- Theatrical release poster
- Directed by: A. P. Nagarajan
- Written by: A. P. Nagarajan
- Produced by: C. N. Venkatasamy
- Starring: Sivakumar; Kamal Haasan; 'Kumari' Laurance Pourtale; Jayasudha; Jr. Balaiah;
- Cinematography: K. S. Prasanth
- Edited by: T. Vijayarangam
- Music by: Kunnakudi Vaidyanathan
- Production company: C. N. V. Movies
- Release date: 10 May 1975;
- Running time: 132 minutes
- Country: India
- Language: Tamil

= Melnaattu Marumagal =

Melnaattu Marumagal is a 1975 Indian Tamil-language film directed by A. P. Nagarajan, and produced by C. N. Venkatasamy under C. N. V. Movies. The film stars Sivakumar, Laurance Pourtale, Kamal Haasan and Jayasudha. Vani Ganapathy, a danseuse appeared only for a dance sequence alongside Haasan, whom she later married in 1978. The film was released on 10 May 1975. In 1976, it was remade in Telugu as America Ammayi.

== Plot ==

The film is about two brothers, Mohan and Raja, and their spouses. Mohan marries a European girl who admires Tamil culture and tradition. Meanwhile, Raja marries a Tamil girl who is attracted to Western customs.

== Soundtrack ==
The music was composed by Kunnakudi Vaidyanathan. Viji Manuel was the film's keyboardist.

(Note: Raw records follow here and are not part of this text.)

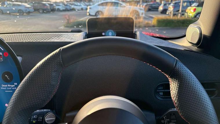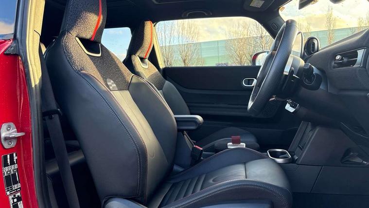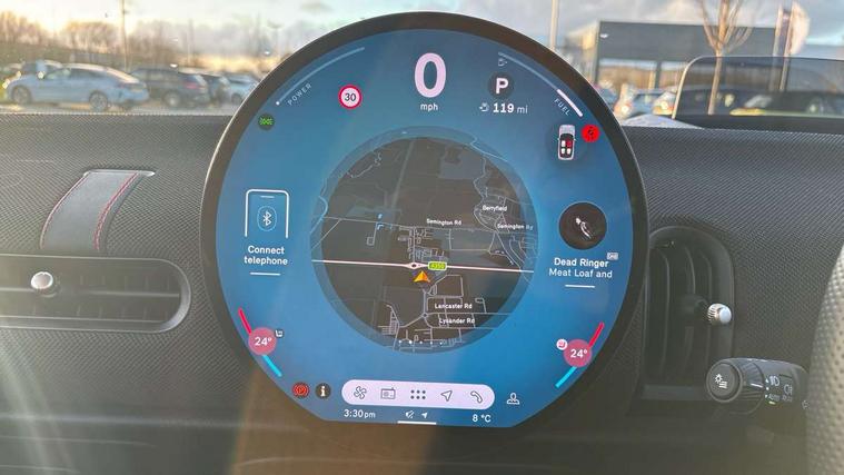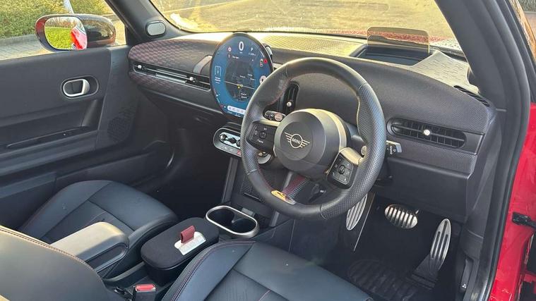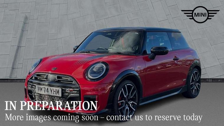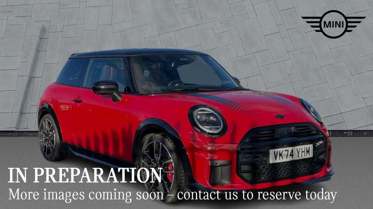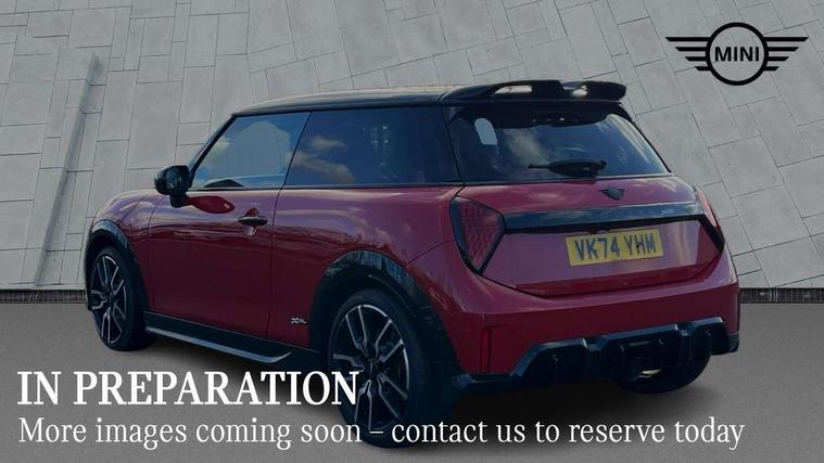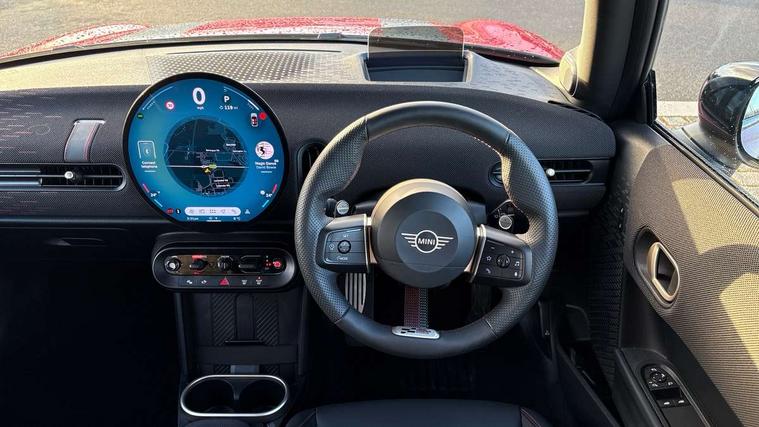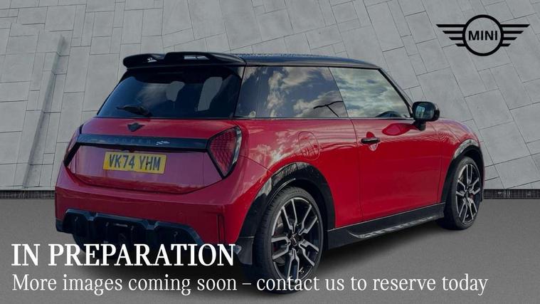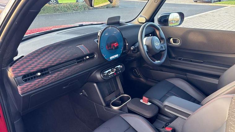 Central toggle bar, Circular OLED Screen, Compatible mobile phone bluetooth with audio streaming, Cruise control, Digital instrument cluster, Electro-mechanical speed dependant steering assistance, Emergency call service, JCW Experience mode, Mini navigation system, On board computer, Service interval indicator, Tailgate, 7 speed steptronic sport transmission with double clutch, Adaptive suspension, DAB Digital radio, Harman Kardon sound system, Personal eSim, Adaptable light signatures, Auto headlights, Central exhaust tailpipe, Electric adjustable heated door mirrors, Electric front windows, Front and rear apron, Heated rear window, Heated windscreen washer jets, High gloss black wheel arches, High gloss hexagonal patterned grille surround, JCW body kit, LED daytime running lights, LED indicator lights, LED rear lights, Rain sensor window wipers, Rear fog lights, Rear roof spoiler with airblades, Rear window wiper, 2 seat bench in second row, 2 zone automatic air conditioning, 60/40 rear seat bench, Ambient lighting, Black lower band in high gloss, Cupholders, Dark headliner, Floor mats, Front and rear head restraints, Front compact armrest, Heated steering wheel, Height adjustable passenger seat, Lidded storage box in Black/Red knit, Luggage compartment lighting, Partially perforated vescin steering wheel with red accent, black/red decorative strap, Single front passenger seat, Stainless steel pedals, Steering wheel paddle shift, Sunvisors with vanity mirrors, Vescin/Cord upholstery, Driving assistant pack - Cooper Hatchback, Level 1 pack - Mini Hatchback, Park assistant pack - Cooper Hatchback, 3 point seatbelts on all four seats, 6 Airbags - front, side, head and seat belt tensioners, Acoustic pedestrian protection, Anti-lock braking system (ABS), DSC - Dynamic Stability Control, Electronic parking brake, Front and rear disc brakes, Front ISOFIX (iSize), Front passenger airbag deactivation, JCW Sport Brakes, Red brake callipers, Traction control, Tyre pressure monitoring system, Alarm, Immobiliser, Remote central locking, Black/Red decorative dash strap, JCW Black/Red dashboard knit, Tyre repair kit,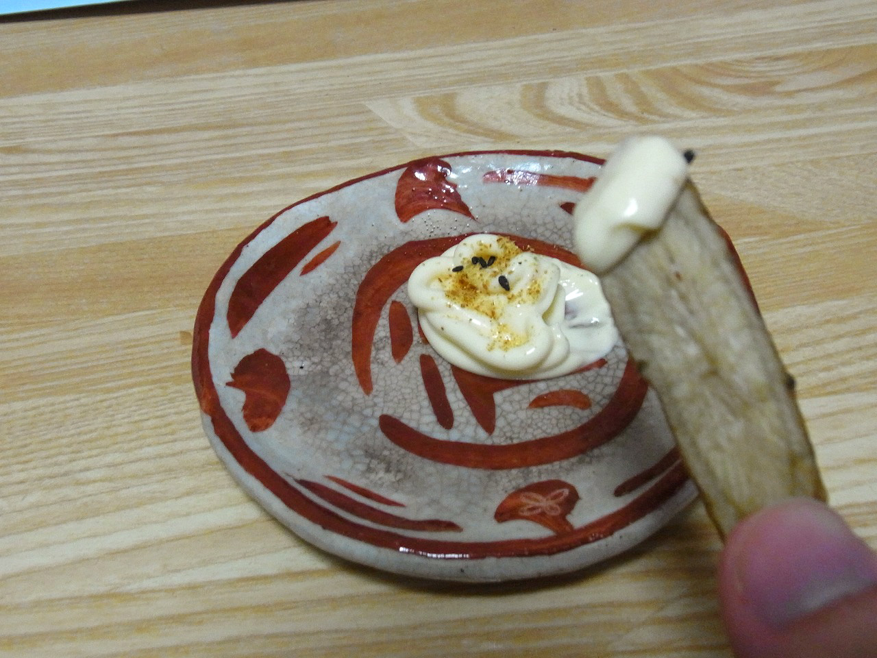 マヨ七味をつけるとめっちゃ美味い!こりゃおやつにもつまみにもなるね!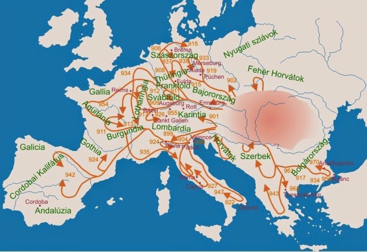 From that time forward, the Magyars, behaving in accustomed nomadic/Hunnish style, launched numerous raids into Europe to acquire loot and slaves. They reached as far north as Denmark (915), as far West as Aquitaine in France (913, 934, 954), as far southwest as Spain (942), as far South as Italy (922, 947), and in all of these cases making their way through the German states. These forays were always both brief and not terribly destructive. They came to an end, finally, when Otto I—he who re-founded the Holy Roman Empire—defeated them decisively in the battle of Lechfeld (near Augsburg in Bavaria) in 955. Thereafter the Hungarians settled down—their own territories still intact, and began a process of aligning themselves to the European system by diplomacy and the acceptance of a feudal culture.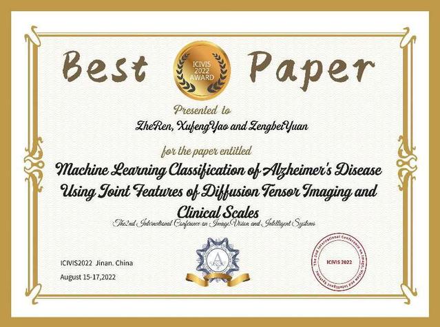 本次会议,太阳成集团tyc9728教师与研究生积极参与投稿,其中研究生任哲、袁增贝同学撰写的题为《machine learning classification of Alzheimer's disease using joint features of diffusion tensor imaging and clinical scales》学术论文,被评为Best Paper Award。通过参加此次国际会议,有力促进了与各高校之间的学术交流,提升了学科专业影响力,夯实了研究生学位点建设,保障了公司产品质量。(太阳成集团tyc9728)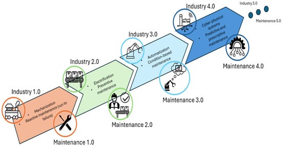 In Industry 4.0, sustainability has reshaped smart manufacturing, giving rise to Maintenance 4.0 [17] (also called Smart Maintenance), evolving from the reactive Maintenance 1.0 to the predictive and perceptive Maintenance 4.0 [18]. Maintenance 1.0 relied on operators fixing simple machinery faults as they occurred. Industry 2.0 introduced more complex machinery, necessitating dedicated maintenance departments for preventive care and inspections. The advent of automation has precipitated a concomitant shift in maintenance strategies, with the implementation of condition-based maintenance (or Maintenance 3.0), becoming the dominant paradigm. In this novel paradigm, maintenance models are constructed on the basis of collected and analyzed data, with the subsequent generation of recommended maintenance actions, predicated based on the specifics of the situation. Finally, with the advent of Industry 4.0, the use of IoT devices and sensors and the prominence of sustainability concepts evolved into the Maintenance 4.0 paradigm, in which maintenance becomes an enabler for the smart factory [19], by predicting future failures and prescribing efficient preventive actions. As Industry 5.0 emerges, maintenance must align with its core principles, progressing toward Maintenance 5.0. The progression of maintenance paradigms as the industry advances is illustrated in Figure 1.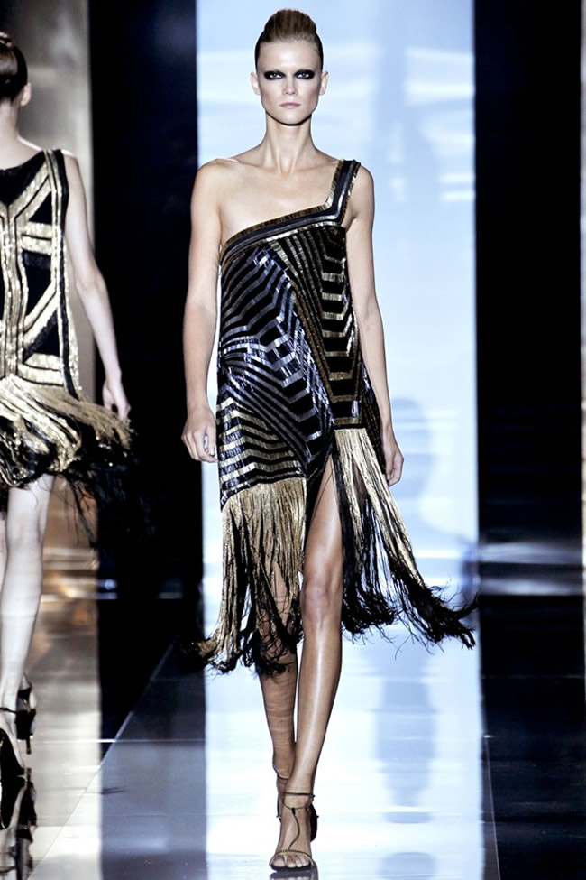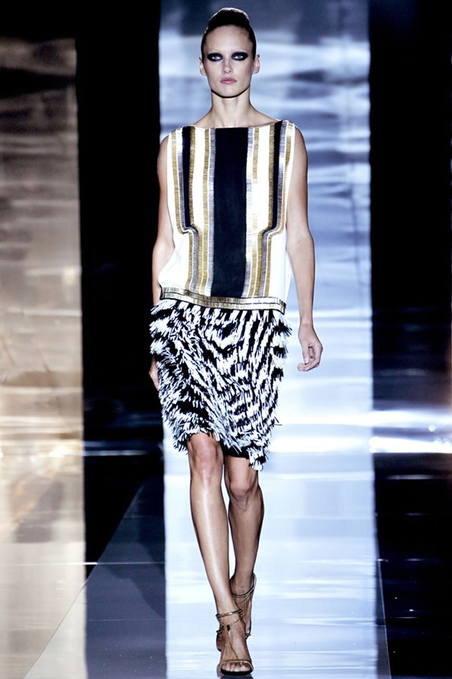 Модные вещи весна 2012 от Gucci были полны пересекающихся линий и полос, геометрические узоры можно было также видеть на платьях и пиджаках. Бахрома появилась в этой коллекции в виде длинного в пол шелка, на котором в виде капель были пришиты бусы на нитях. Смелый зеленый, богатый золотой, потрясающий серебряный перенесли эту коллекцию в сумерки, где наряды превращались в частичку живой природы.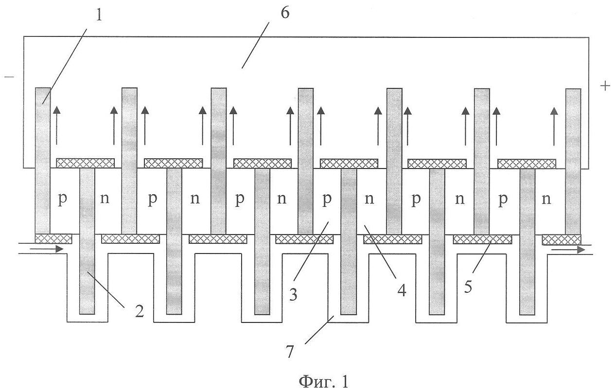 Поверхность структуры, образованной ветвями ТЭБ, за исключением областей близлежащих к выступающим частям коммутационных пластин 1 и 2, покрыта слоем теплоизоляционного диэлектрического материала 5. Площадь, не покрытая слоем теплоизоляционного диэлектрического материала 5, определяется произведением толщины ветви термоэлемента на 1/4 ее высоты. Съем теплоты с горячих коммутационных пластин, а также с близлежащих к ним областей, осуществляется за счет испарительного охлаждения, реализуемого испарительной системой 6. Съем теплоты («холода») с охлажденных коммутационных пластин и близлежащих к ним областей производится за счет прокачивания жидкости в контактирующем с ними жидкостном теплообменнике 7.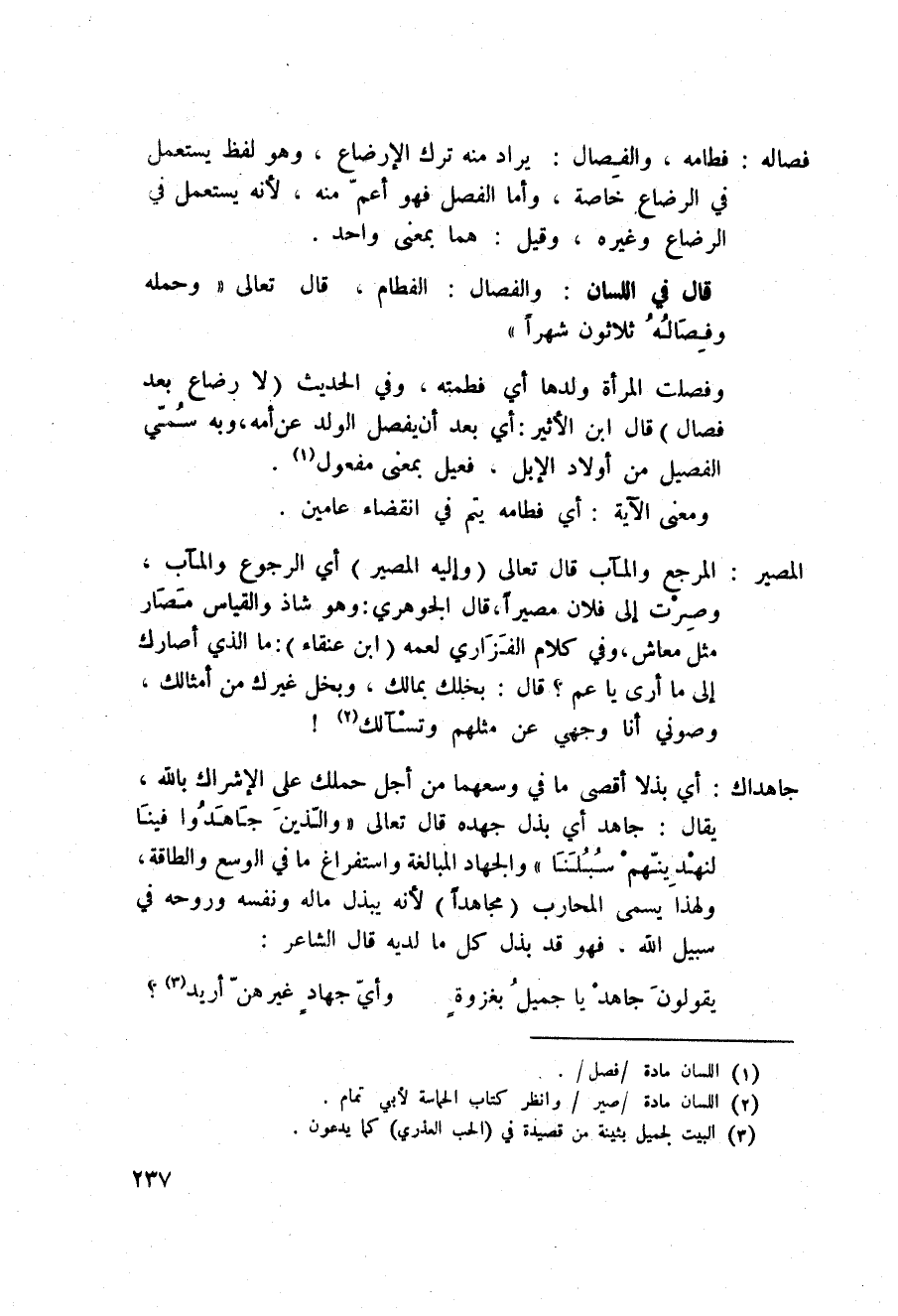 قال في «اللسان» : والفصال: الفطام، قال تعالى: {وَحَمْلُهُ وفصاله ثلاثون شَهْراً} [الأحقاف: 15] .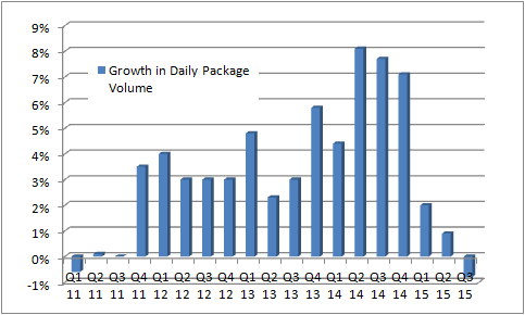 Part of the contraction in Ground volume in 2015 was due to the wide-scale implementation of dimensional-weight pricing -- where packages are priced based both on dimensions and weight rather than just weight -- but declining volumes are still a concern.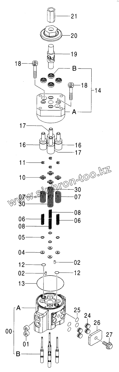 Каталог запасных частей к технике: Hitachi Компоненты ZX-450. VALVE,PILOT (FRONT & SWING)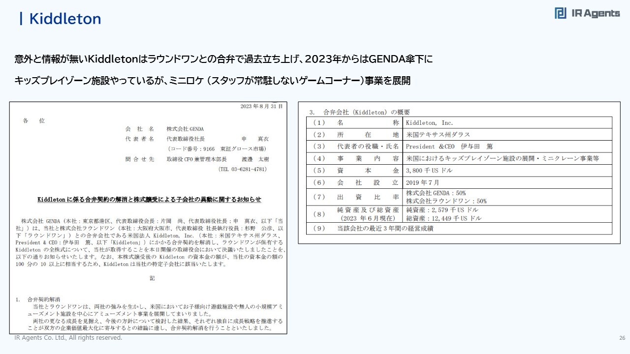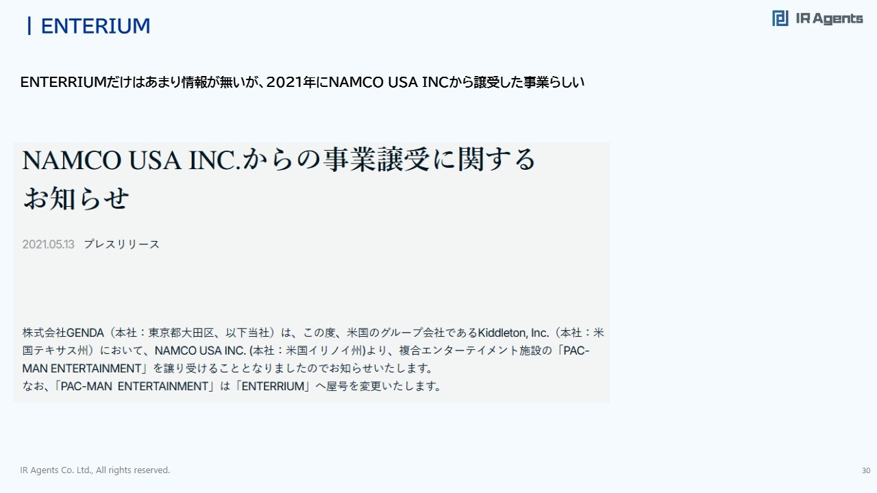 関本:ENTERIUMについてはあまり情報がありませんでしたが、2021年にNAMCO USA INC.から譲り受けた事業ということです。メインは今回トピックに挙げたようなミニロケ事業のため、これまでの4社についてご説明したいと思っています。

| Song | Singers | Lyrics |
|---|---|---|
| "How Wonderful" | S. P. Balasubrahmanyam, Vani Jairam | Poovai Senguttavan |
| "Kalaimagal Kai Veenai" | Vani Jairam | Tiruchy Bharathan |
| "Love Is A Beautiful" | Usha Uthup | Nellai Arulmani |
| "Muththamizhil Paada" | Vani Jairam | Ulandhurpettai Shanmugam |
| "Pallandu Pallandu" | Vani Jairam, T. K. Kala | Geethapriyan |
| "Sugam Tharum" | Rajesh, Manohari | Kuyili |

== Reception ==
Kanthan of Kalki praised the performances of Sivakumar, Kamal Haasan and Poornam Viswanathan but felt none of the songs stay in the mind and called the cinematography average.